Embeddings are not free to generate. Every document insert or update requires an embedding model call. For bulk imports, batch the embedding requests. For Ollama, send multiple texts in a single /api/embed request.
HNSW index builds can spike memory. Building an HNSW index on a large table may consume significant memory. For tables with millions of rows, build the index during a maintenance window and monitor resource usage.
IVFFlat recall degrades silently. If you use IVFFlat instead of HNSW, recall drops as your data changes because cluster centroids are not recalculated. Rebuild the index periodically or use HNSW.

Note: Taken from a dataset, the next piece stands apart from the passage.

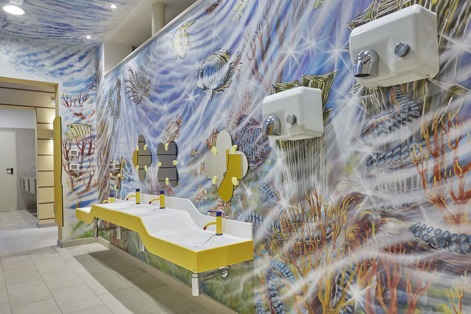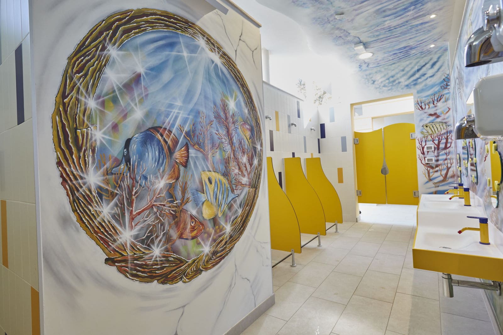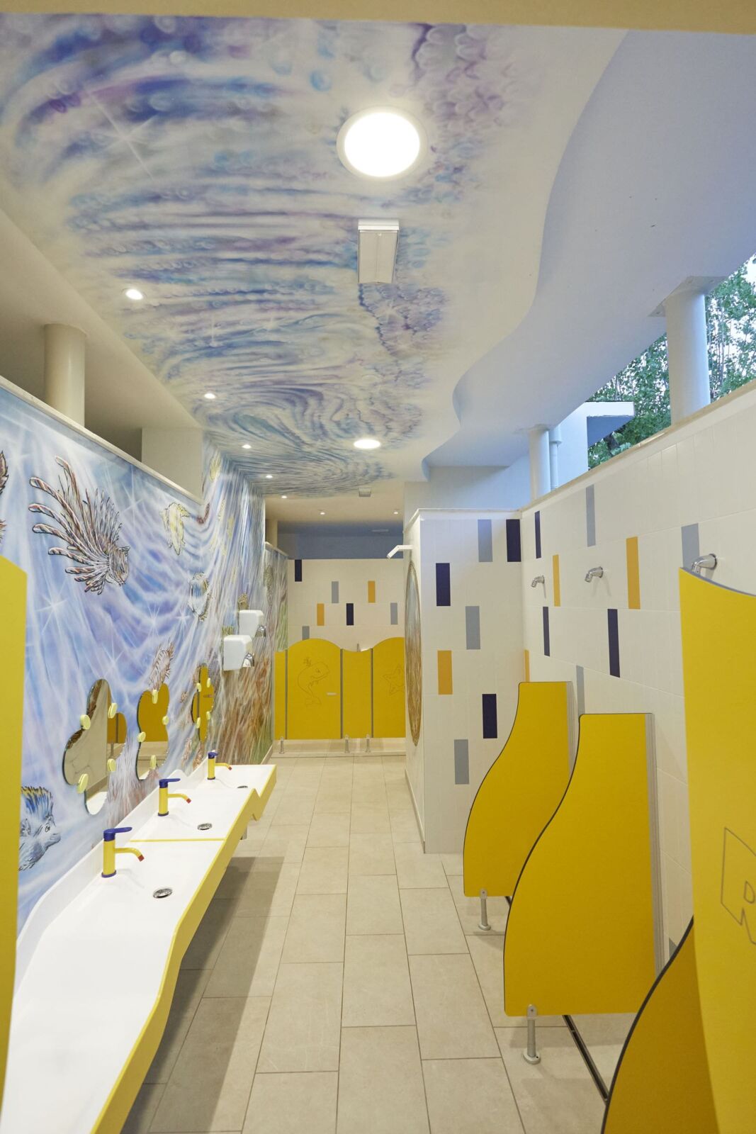 I servizi igienici sono attrezzati con: bagni, docce, acqua calda e fredda, lavatoi per biancheria, lavelli per stoviglie, lavatrici, asciugatrici, lavastoviglie, nursery e baby room.

SELECT * fails with vector columns in query_as!. Just as with tsvector columns, SQLx’s compile-time macros need explicit column lists. List your columns explicitly, omitting or casting the embedding column unless you need its contents.
The extension must be installed in your development database. SQLx’s compile-time query! macros connect to the database during compilation. The vector extension must be enabled there. The same applies to cargo sqlx prepare for offline compilation in CI.